(MATERIAL PROVIDED begins)
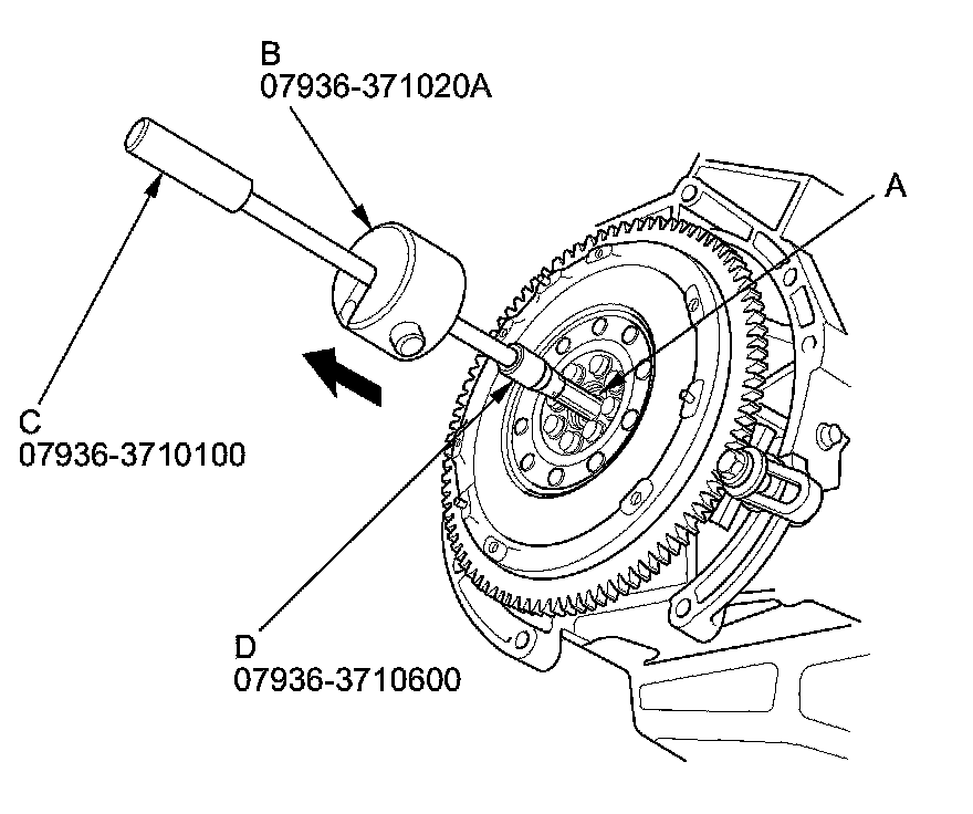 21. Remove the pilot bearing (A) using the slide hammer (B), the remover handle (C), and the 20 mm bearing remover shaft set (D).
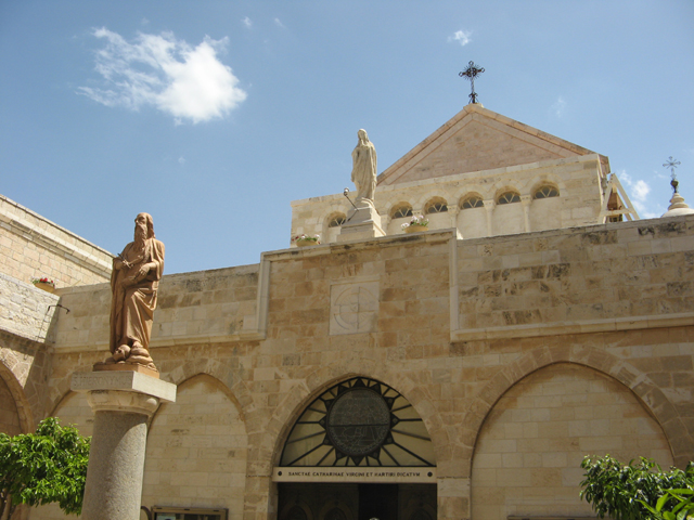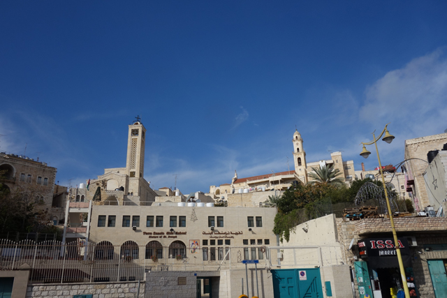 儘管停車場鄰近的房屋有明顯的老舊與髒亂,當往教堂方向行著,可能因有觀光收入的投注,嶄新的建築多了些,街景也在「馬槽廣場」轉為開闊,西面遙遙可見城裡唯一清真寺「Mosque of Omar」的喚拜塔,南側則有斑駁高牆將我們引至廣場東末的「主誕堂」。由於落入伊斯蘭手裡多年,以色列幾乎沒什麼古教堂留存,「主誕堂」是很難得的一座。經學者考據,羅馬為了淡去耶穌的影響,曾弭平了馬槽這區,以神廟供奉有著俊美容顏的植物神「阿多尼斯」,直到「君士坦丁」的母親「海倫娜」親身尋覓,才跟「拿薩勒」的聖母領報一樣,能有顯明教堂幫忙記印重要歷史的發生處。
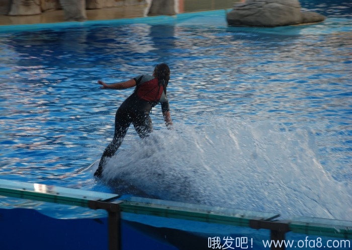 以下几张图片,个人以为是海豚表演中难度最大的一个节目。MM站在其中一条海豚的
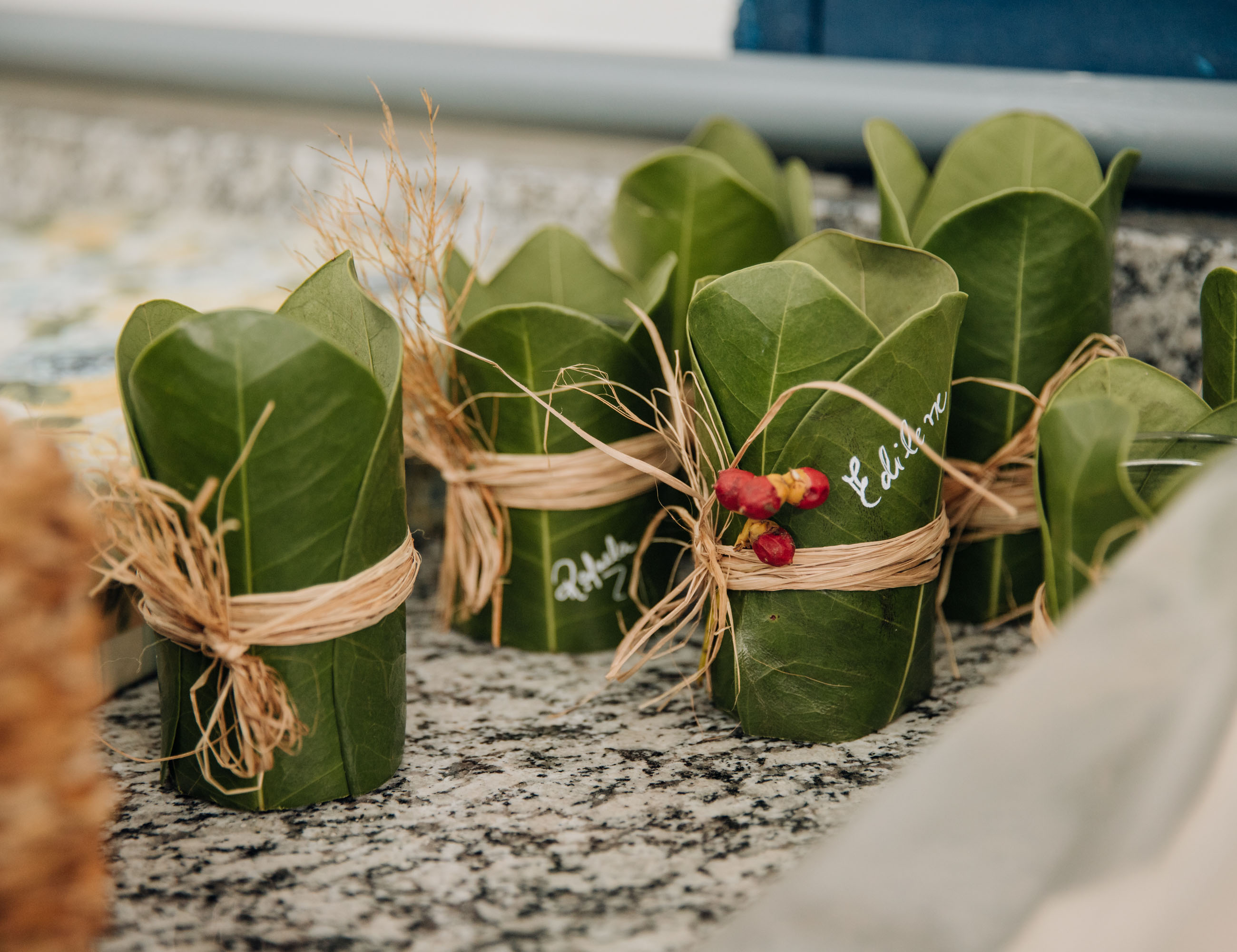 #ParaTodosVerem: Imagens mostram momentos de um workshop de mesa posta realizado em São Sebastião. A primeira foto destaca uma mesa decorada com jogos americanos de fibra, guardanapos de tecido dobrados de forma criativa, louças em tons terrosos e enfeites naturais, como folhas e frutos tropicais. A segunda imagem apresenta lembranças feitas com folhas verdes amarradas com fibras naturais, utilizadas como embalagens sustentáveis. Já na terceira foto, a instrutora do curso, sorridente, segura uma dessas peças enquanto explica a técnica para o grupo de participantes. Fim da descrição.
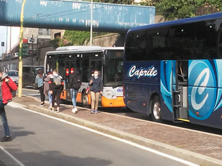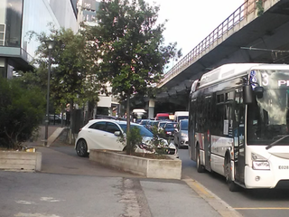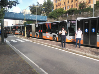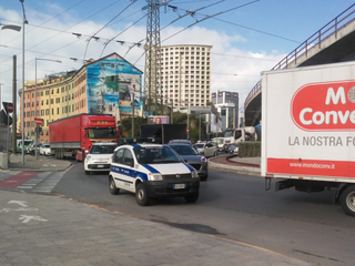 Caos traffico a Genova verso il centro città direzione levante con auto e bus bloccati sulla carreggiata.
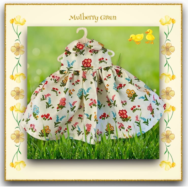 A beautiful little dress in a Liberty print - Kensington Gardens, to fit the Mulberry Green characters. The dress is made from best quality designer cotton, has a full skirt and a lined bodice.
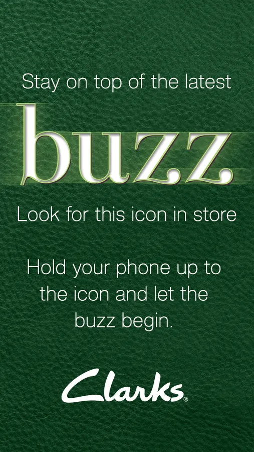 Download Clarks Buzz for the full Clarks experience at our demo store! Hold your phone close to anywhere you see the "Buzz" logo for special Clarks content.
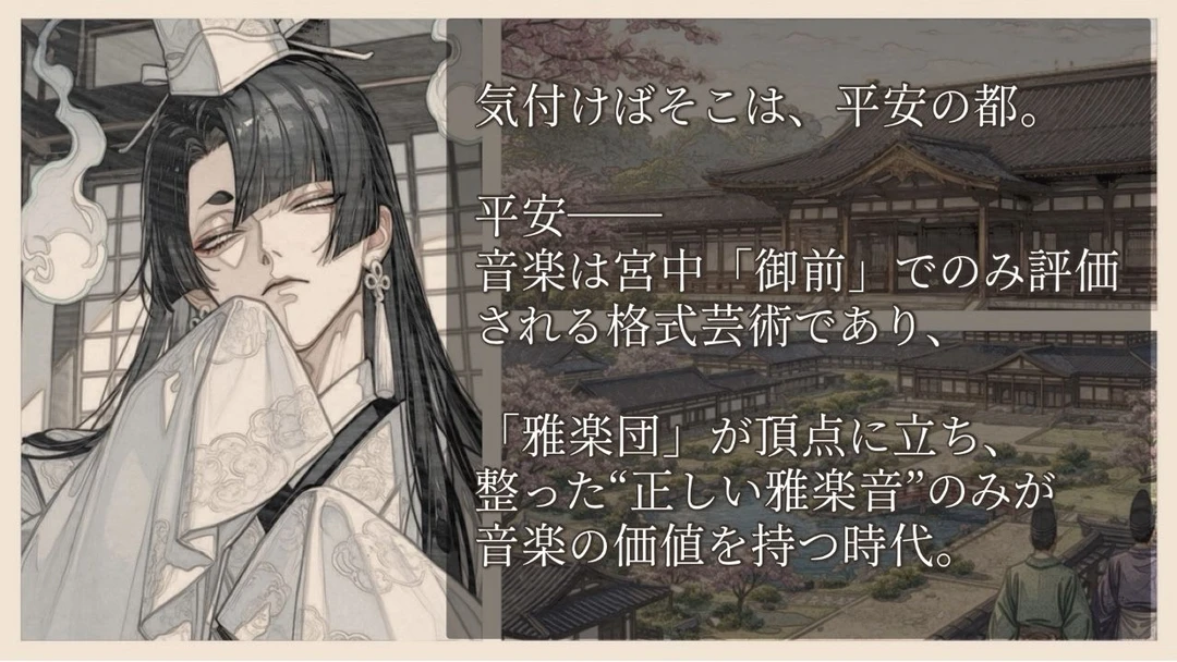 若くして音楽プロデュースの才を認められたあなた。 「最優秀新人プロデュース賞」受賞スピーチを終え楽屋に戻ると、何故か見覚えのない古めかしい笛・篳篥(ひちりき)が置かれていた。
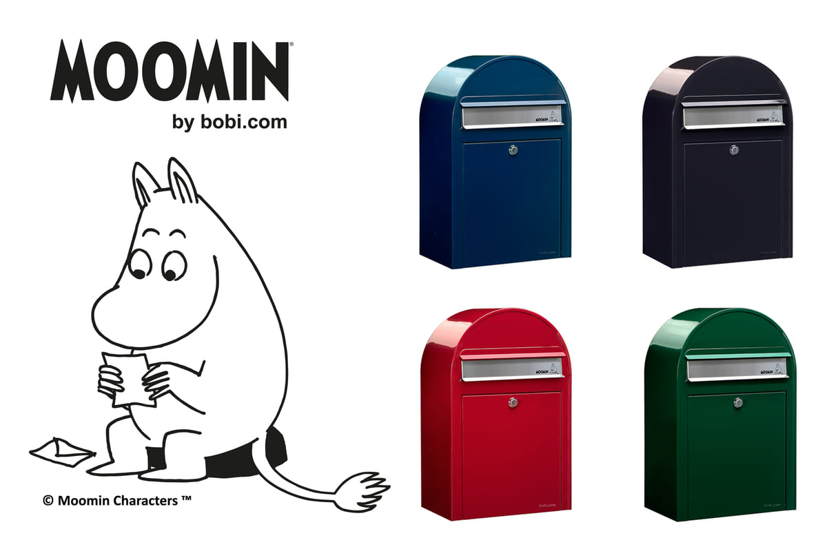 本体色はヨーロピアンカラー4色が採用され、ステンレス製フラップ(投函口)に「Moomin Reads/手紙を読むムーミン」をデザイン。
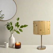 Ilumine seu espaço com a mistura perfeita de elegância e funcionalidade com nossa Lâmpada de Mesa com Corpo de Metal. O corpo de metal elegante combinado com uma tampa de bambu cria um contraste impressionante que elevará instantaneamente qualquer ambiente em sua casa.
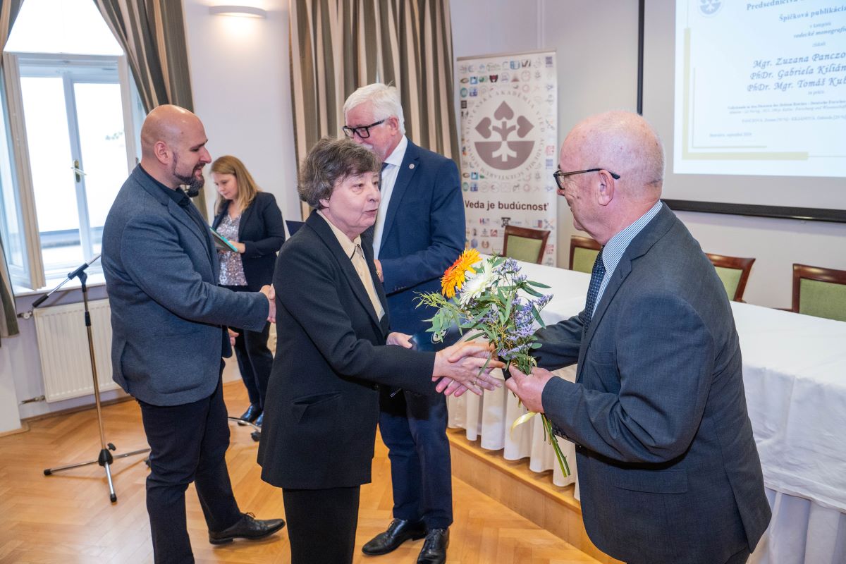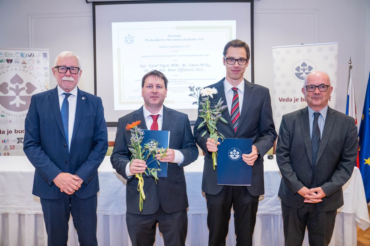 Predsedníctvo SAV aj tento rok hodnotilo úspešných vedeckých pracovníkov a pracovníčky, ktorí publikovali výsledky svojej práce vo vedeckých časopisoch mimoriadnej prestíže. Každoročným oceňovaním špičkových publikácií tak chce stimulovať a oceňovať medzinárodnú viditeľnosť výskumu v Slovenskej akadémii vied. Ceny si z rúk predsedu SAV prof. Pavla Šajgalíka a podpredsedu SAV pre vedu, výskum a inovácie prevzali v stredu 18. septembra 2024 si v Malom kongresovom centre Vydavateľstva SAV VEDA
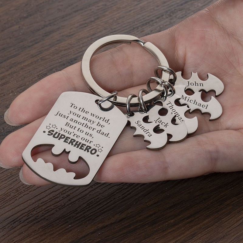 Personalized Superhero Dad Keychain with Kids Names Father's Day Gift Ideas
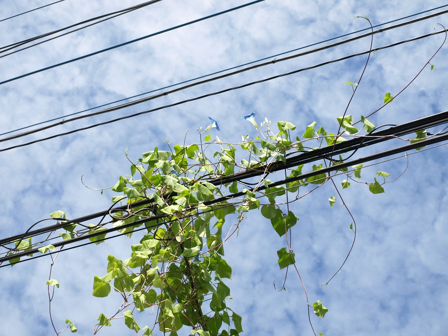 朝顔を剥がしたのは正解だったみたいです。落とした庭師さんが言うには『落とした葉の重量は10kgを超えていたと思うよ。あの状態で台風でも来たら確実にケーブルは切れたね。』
(MATERIAL PROVIDED ends)
EXERCISE DESCRIPTION:
Output exactly and only the lines from the line containing "Ilumine seu espaço" to the end of the entries, both included, and omit every picture.

TASK RESPONSE:
 Ilumine seu espaço com a mistura perfeita de elegância e funcionalidade com nossa Lâmpada de Mesa com Corpo de Metal. O corpo de metal elegante combinado com uma tampa de bambu cria um contraste impressionante que elevará instantaneamente qualquer ambiente em sua casa.
 Predsedníctvo SAV aj tento rok hodnotilo úspešných vedeckých pracovníkov a pracovníčky, ktorí publikovali výsledky svojej práce vo vedeckých časopisoch mimoriadnej prestíže. Každoročným oceňovaním špičkových publikácií tak chce stimulovať a oceňovať medzinárodnú viditeľnosť výskumu v Slovenskej akadémii vied. Ceny si z rúk predsedu SAV prof. Pavla Šajgalíka a podpredsedu SAV pre vedu, výskum a inovácie prevzali v stredu 18. septembra 2024 si v Malom kongresovom centre Vydavateľstva SAV VEDA
 Personalized Superhero Dad Keychain with Kids Names Father's Day Gift Ideas
 朝顔を剥がしたのは正解だったみたいです。落とした庭師さんが言うには『落とした葉の重量は10kgを超えていたと思うよ。あの状態で台風でも来たら確実にケーブルは切れたね。』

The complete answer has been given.